On 10 October 1942, Roussen was assigned as captain of Katsonis sister vessel, the submarine Papanikolis. With this vessel, Roussen operated in the Eastern Mediterranean and the Aegean Sea, scoring a number of successes. On 30 November, Papanikolis successfully ambushed and sank an 8,000-ton cargo vessel at the Alimnia islet, near Rhodes, and on subsequent patrols in January, March and May, she captured two large schooners and sank further five.

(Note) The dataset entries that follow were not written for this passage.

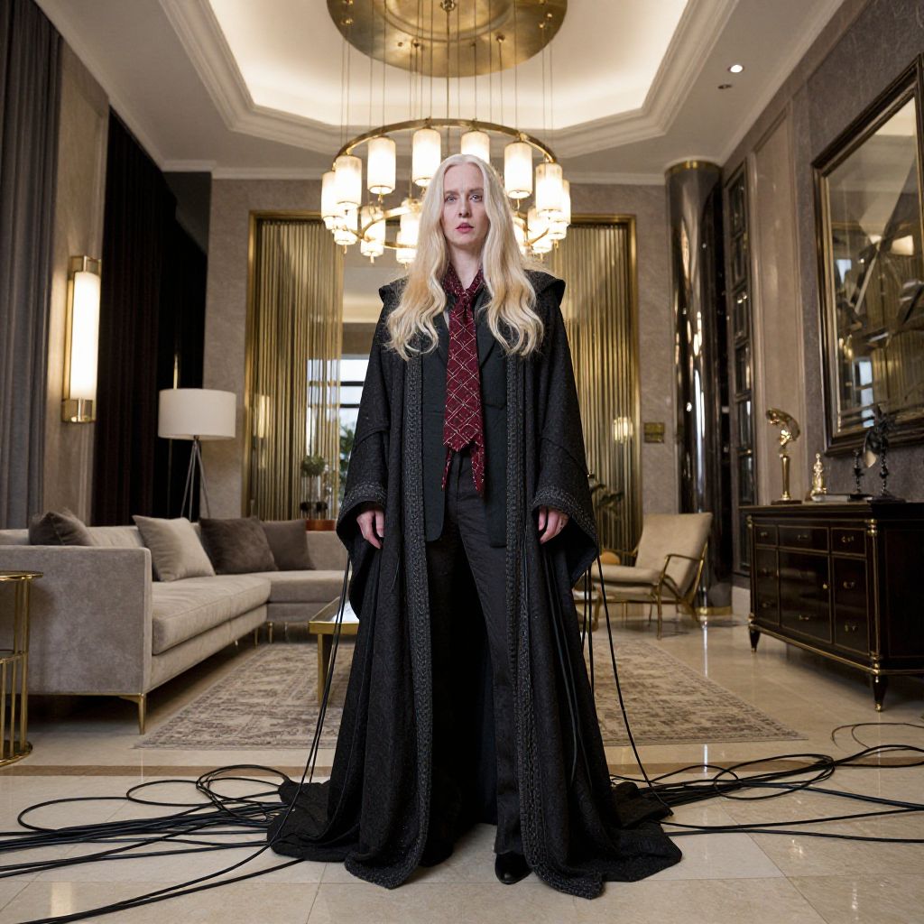 Photograph of a tall, blonde woman with long, wavy hair standing in an opulent, modern living room. She wears a long, black, textured robe with intricate patterns, over a dark red, patterned shirt and black pants. Black cords are spread out on the shiny, cream-colored tiled floor in front of her. The room features luxurious decor, including a large, white, floor lamp to the left, a beige sectional sofa with grey cushions, a dark wooden side table, and a large, circular, gold chandelier with multiple light bulbs hanging from the ceiling. Tall windows with gold curtains are in the background.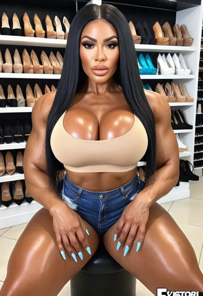 Generate Gorgeous female boss , , bimbo , hourglass body , golden brown skim complexion. abnormally massive female bodybuilder , gorgeous , close up , full lips , big booty , black hair , biracial , African-American , and Philippine woman , black straight stylish hair , feminine silhouette , too big breast , big booty , sexy thighs abs , silhouette , up close , flexing biceps , beautiful brown eyes , legs are iconic and defining physical feature , both visually and in terms of combat ability.wearing an outfit that is a striking blend of elegance , power , and femininity , designed to command attention in any room. The suit is tailored to perfection , hugging the wearer’s curves with precision while emphasizing a structured silhouette. The fabric itself is a refined grey tweed patterned with subtle white grid lines , giving the suit a texture that feels both sophisticated and modern. The blazer features broad blue lapels and gold button accents , adding a luxurious touch that elevates the look beyond typical business attire. The matching high-waisted trousers elongate the frame , further enhancing the poised and commanding effect of the ensemble.The styling choices amplify the boldness of the suit. The inner blouse is a silky , greybutton-down shirt that complements the tweed’s tone while introducing a softer , feminine balance to the sharp tailoring of the jacket. The blouse peeks out neatly from under the blazer , maintaining elegance without drawing focus away from the suit’s commanding cut. Accessories are kept minimal yet intentional: a delicate layered gold necklace and hoop earrings that add glimmers of light and luxury without overpowering the outfit. The choice of voluminous , honey-brown braids cascading down her shoulders frames the face with both confidence and glamour , completing the commanding visual.Altogether , this look communicates a blend of authority and allure. It is business-ready yet fashion-forward , balancing corporate structure with vibrant femininity. The color palette blue , grey and gold avoids being overly delicate , instead embracing the richness of texture , structure , and presence. This is the kind of ensemble that speaks to ambition , sophistication , and personal style—ideal for someone who thrives in positions of influence but insists on expressing her individuality with bold elegance. It’s not just clothing—it’s a statement of power wrapped in grace. In luxury living legs that could crush a watermelon , skirt high boots are a bold and striking statement piece , crafted in glossy black patent leather that gives them a sleek , polished finish. Rising to just below the knee , the boots feature three adjustable buckle straps along the shaft , adding both edge and detail to their design. The towering stiletto heel , paired with a thick platform sole , creates an ultra-dramatic silhouette that elongates the leg and exudes power and confidence. With their combination of shine , height , and structure , these boots perfectly balance fierce femininity with high-fashion allure. High cheekbones , prominent jawline , gorgeous big brown eyes , powerful curves , enormous breast , sitting beige tank top , blue jean shorts , voluptuous , inside nail saloon up close shot , ,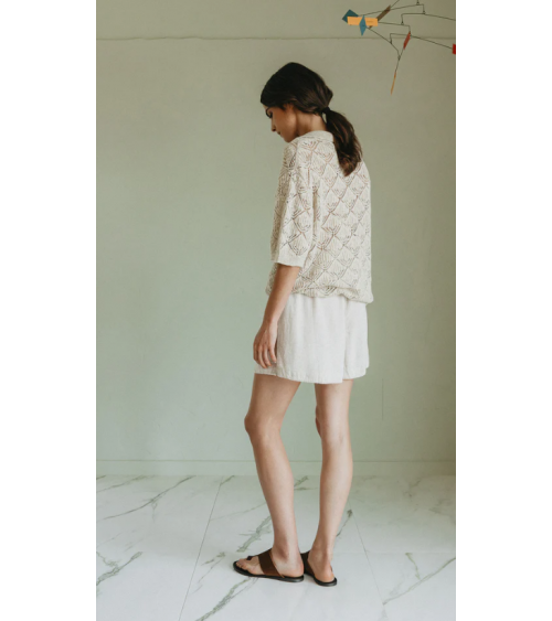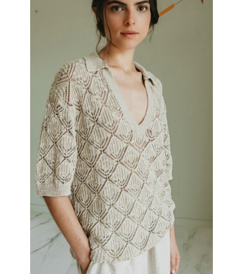 Este polo en tejido de punto con remates en canalé, combina comodidad y estilo. El tejido es de punto de fantasía de algodón con lino con cuello en V.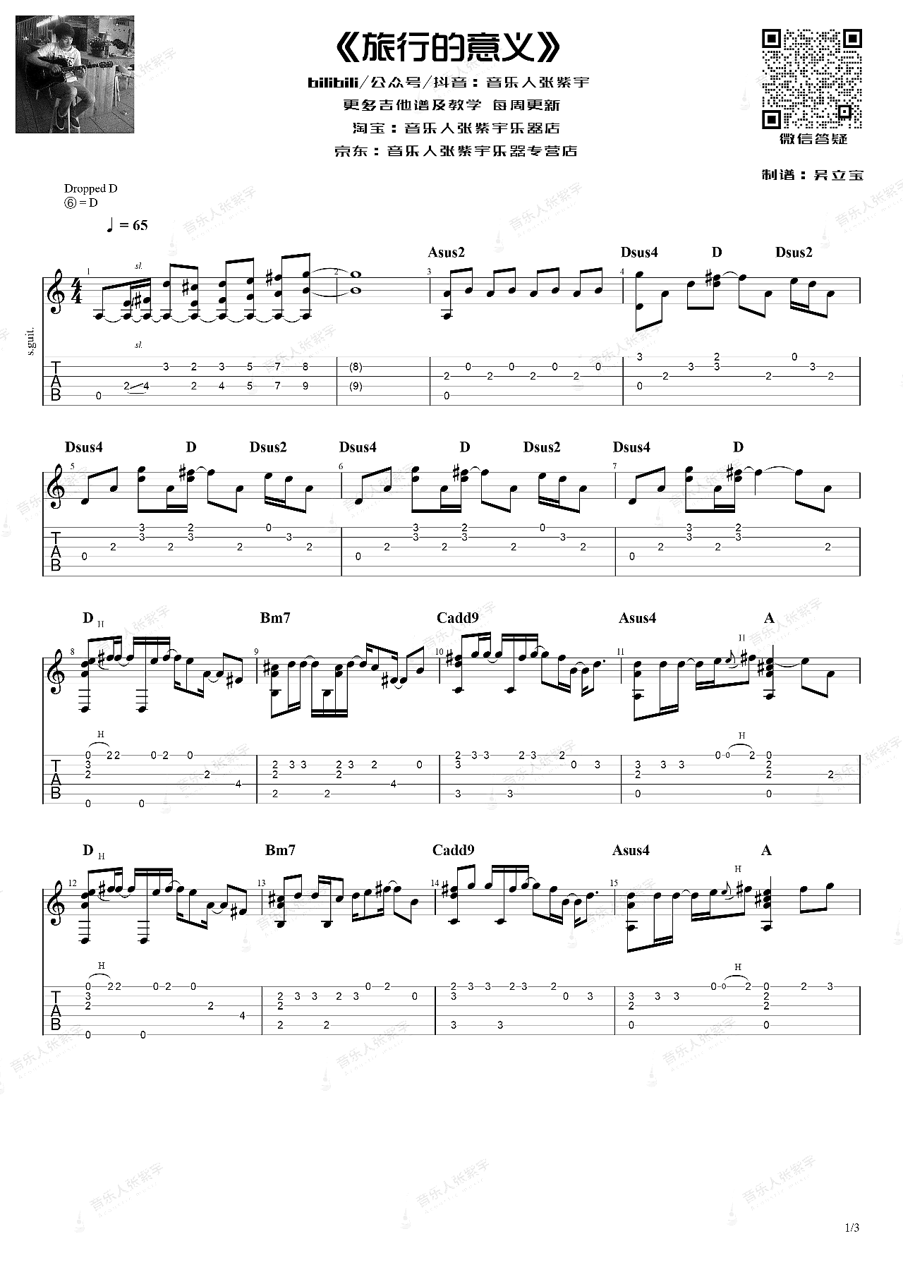 旅行的意义指弹吉他谱,改编自陈绮贞的经典代表作品。简约的旋律搭配诗一样的歌词,跟吉他的气质最符合了。改编的时候,老师把6弦降低一个音到D,稍微优化了一下指法同时让低音更足,附上《旅行的意义》吉他演示和教学视频,琴友们参照张紫宇老师的示范讲解学习。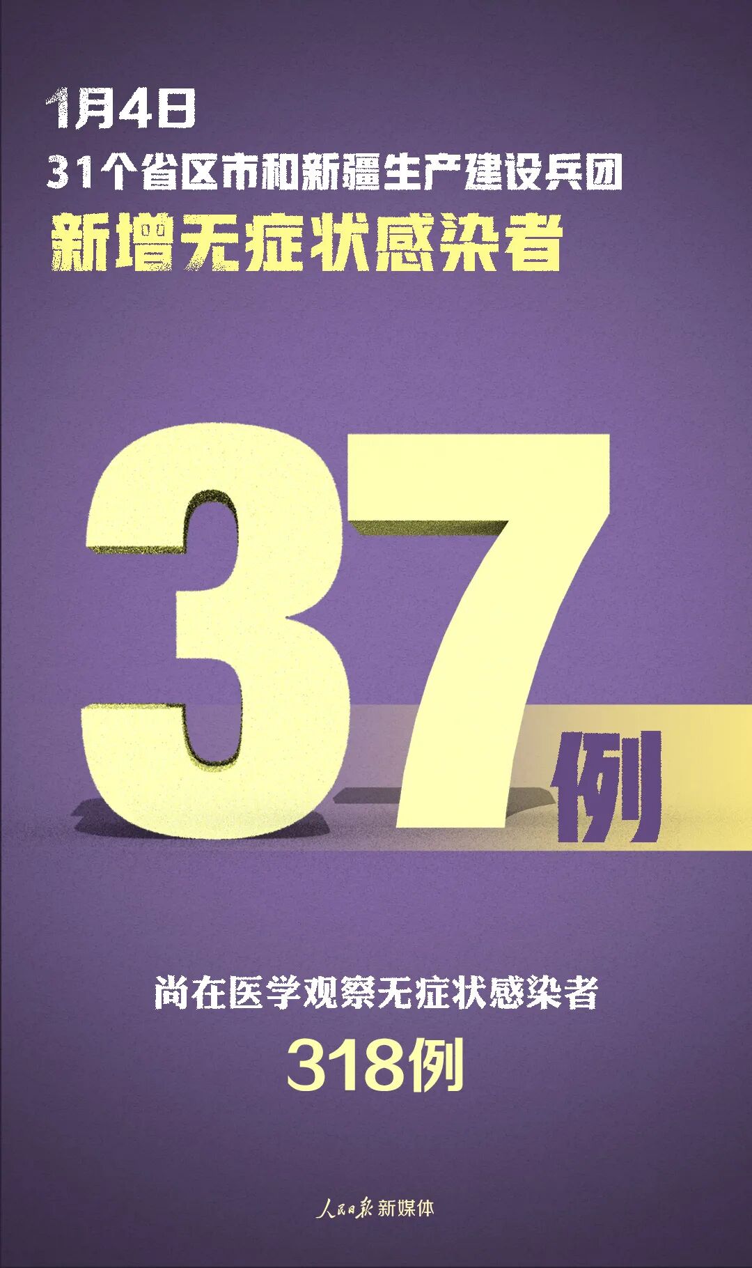 31个省(自治区、直辖市)和新疆生产建设兵团报告新增无症状感染者37例(境外输入6例);当日转为确诊病例5例(境外输入2例);当日解除医学观察8例(境外输入4例);尚在医学观察无症状感染者318例(境外输入240例)。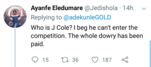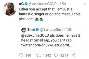 Adekunle Gold replied her as thus: “Either you accept that I am just a fantastic singer or go and meet J cole. pick one.??”

In early 1944, political tensions grew both in occupied Greece and in the Greek Armed Forces in the Middle East. As liberation drew nearer, the simmering conflict between the country's dominant resistance group, the Communist-controlled National Liberation Front (EAM), with the conservative sections of Greek society, and with the royalist Greek government in exile, erupted. In April 1944, pro-EAM demonstrations took place in several Greek units in Egypt, and the majority of the Navy's ships were commandeered by their crews. In order to quell this mutiny, the government formed special boarding detachments of reliable officers. Thus, on 22 April 1944, while leading his detachment to recover the corvette Apostolis, Roussen was mortally wounded. On 27 April, he was posthumously promoted to captain.

== Awards and honours ==
Roussen was awarded several decorations for his successful service as a submarine commander: the War Cross Second Class, on 5 January 1940 (as XO of the Katsonis) and again on 25 February 1943, the War Cross First Class on 30 January 1942 and again posthumously on 23 April 1944, while on 1 September 1943 he was awarded the British Distinguished Service Cross. On 27 September 1945 he was posthumously awarded the Outstanding Actions Medal for his war service.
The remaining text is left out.